A inscrição dos uruguaios para receber a vacina contra a covid-19 da farmacêutica chinesa Sinovac foi menor que o esperado, o que gerou nesta quarta-feira (3) críticas por parte das autoridades, que mais uma vez defenderam a eficácia do imunizante.

O presidente da Administração dos Serviços de Saúde do Estado (Asse), Leonardo Cipriani, declarou que a CoronaVac é altamente eficaz e que a vacina pode evitar “praticamente 100%” que uma pessoa morra em decorrência da doença causada pelo vírus SARS-CoV-2.

Em testes realizados no Brasil pelo Instituto Butantan, a vacina da Sinovac teve 50,38% de eficácia global, percentual que sobe para 78% quando se trata de casos leves de Covid-19 e 100% contra casos graves e mortes. Nesta quarta, a Universidade Hacettepe, da Turquia, país que também usa a CoronaVac, divulgou uma eficácia global de 83,5%.

Pedido de cooperação

Cipriani destacou que a forma como a vacina foi negociada permitirá ao Uruguai, com 3,5 milhões de habitantes, se tornar um dos primeiros a imunizar toda a população, apesar de ter iniciado o processo depois de outros países.

“O Uruguai vai ser capaz de fazer uma boa surpresa se as pessoas cooperarem”, afirmou o presidente da Asse, que acredita que até o meio do ano 80% da vacinação poderia ser concluída.

Nesse contexto, o Ministério de Saúde Pública do Uruguai planeja distribuir as sobras de doses para grupos de prisioneiros e moradores de rua. Esses grupos começariam a ser vacinados na terceira semana do plano, juntamente com residentes de asilos e casas de repousos e funcionários desses espaços, trabalhadores da área da saúde e pessoas com menos de 60 anos com doenças crônicas.

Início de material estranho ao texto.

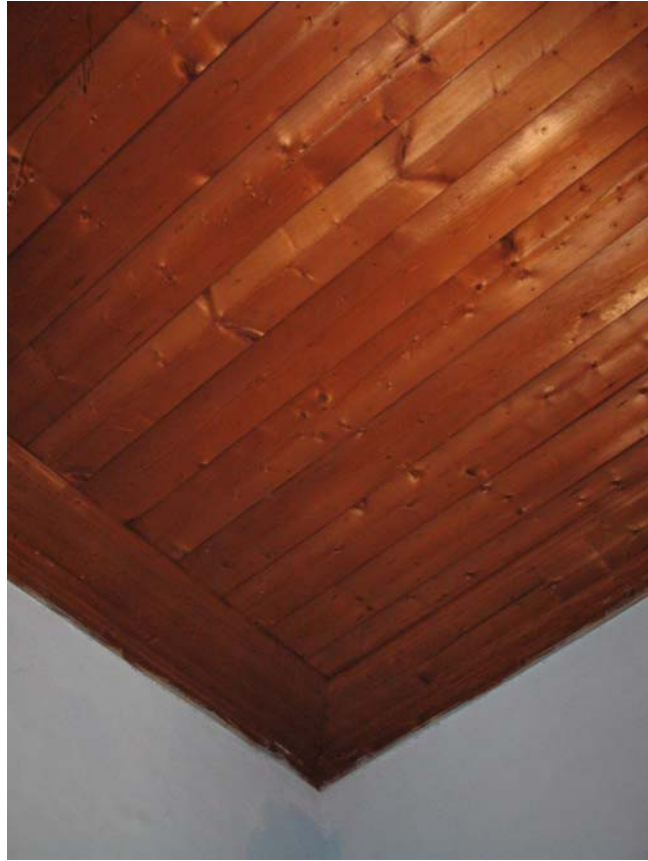
Şekil C.40. Z09 Mekânı tavanı

Os centros de vacinação abriram suas portas na última segunda-feira para administrar as 192 mil doses da CoronaVac a policiais, militares, bombeiros, professores e trabalhadores do Instituto Nacional da Criança e do Adolescente (Inau) com menos de 60 anos de idade.

Os trabalhadores da saúde começarão a ser vacinados na próxima segunda-feira, quando chegará ao país vizinho o primeiro lote de imunizantes da Pfizer, procedente dos Estados Unidos.

O Uruguai, que é o último país da América do Sul a iniciar a vacinação, registrou 59.171 casos de coronavírus até hoje, dos quais 7.189 são considerados ativos. Há 75 pessoas internadas em unidades de terapia intensiva, e 617 pessoas morreram de Covid-19.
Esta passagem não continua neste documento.